Assignment of NRRA is a win-win situation for all the stakeholders as well as for the liquidator, as the same aids in meeting the objective of the Code of maximization of value and abides by the time bound process as delineated in the Code. There have been numerous matters in which the liquidators have come out with notice regarding assignment of NRRA. For instance, in the matter of Shilpi Cables Technologies Limited (in Liquidation), the liquidator invited bids for assignment of NRRA around Rs. 1500 crores. In the matter of Alupan Composite Panels Private Limited (in Liquidation), the liquidator invited bids for NRRA of approximately Rs. 25 crores. In the matter of FE (India) Limited (in Liquidation), the liquidator invited bids for NRRA of approximately Rs. 277 crores. The list goes on.
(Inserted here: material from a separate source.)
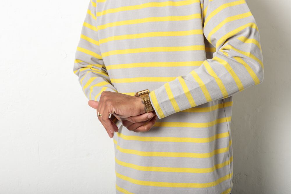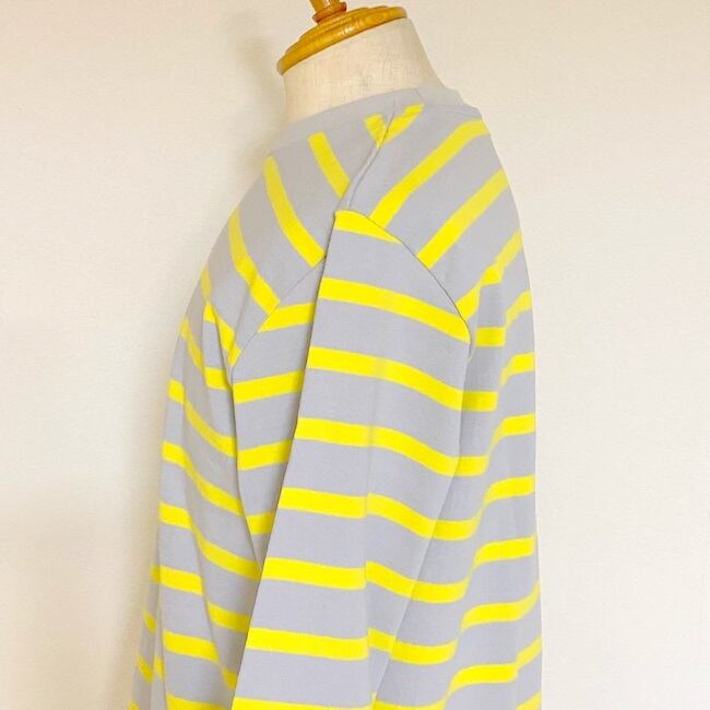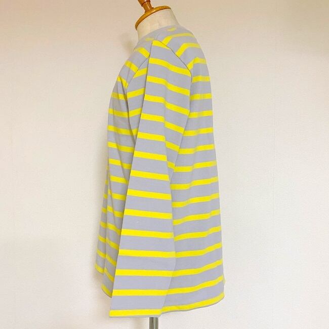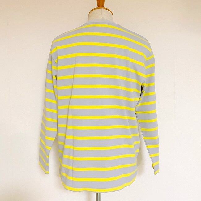 程よいゆとりを入れ、ストレスを感じないサイズ感に設定。1枚着としてもインナーとしても使い勝手が良いアイテムで、ロングシーズン楽しめる1枚。グレーボディーにイエローのラインが新鮮で美しいボーダーカットソーです。日本製。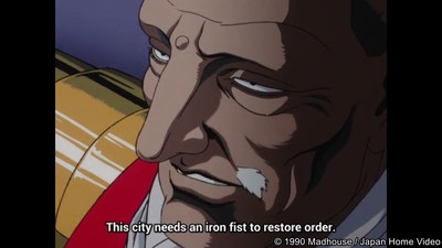 It's also playing into some samurai tropes with the implication that Hasegawa is a bit of a feudal lord, as in previous times as cities and populations grew, so did the amount of crime. Using ex-cons for labor became a practice. Some of the names have a historical theme, and the big man looks rather imperial. It sounds strange for your futuristic setting, but it's not, given this is the same dude that made Ninja Scroll. Plus, it's a neat comparison of periods of growth throughout history. While bringing in greater goods increased the quality of life, like stability and convenience provided by technology, it can also lead to greater evils.

However, not only is the bidder required to put in a bid very carefully, that is after thorough due diligence, but even the liquidator and the SCC shall exercise precaution while drafting the agreement for the progress of the matter after the dissolution of the corporate debtor. Alternatively, it also seems that there is a loophole in the Liquidation Process Regulations relating to the situation wherein the fate of the progress of litigation or recovery proceedings, after the dissolution of the corporate debtor, has not been dealt with appropriately.  

With passage of time and comfort of the stakeholders in getting accustomed to the nuances of the assignment of debt under the provisions of regulation 37A of the Liquidation Process Regulations, such assignments will flourish, with the loopholes that come in the way getting plugged by supporting the objective of the Code.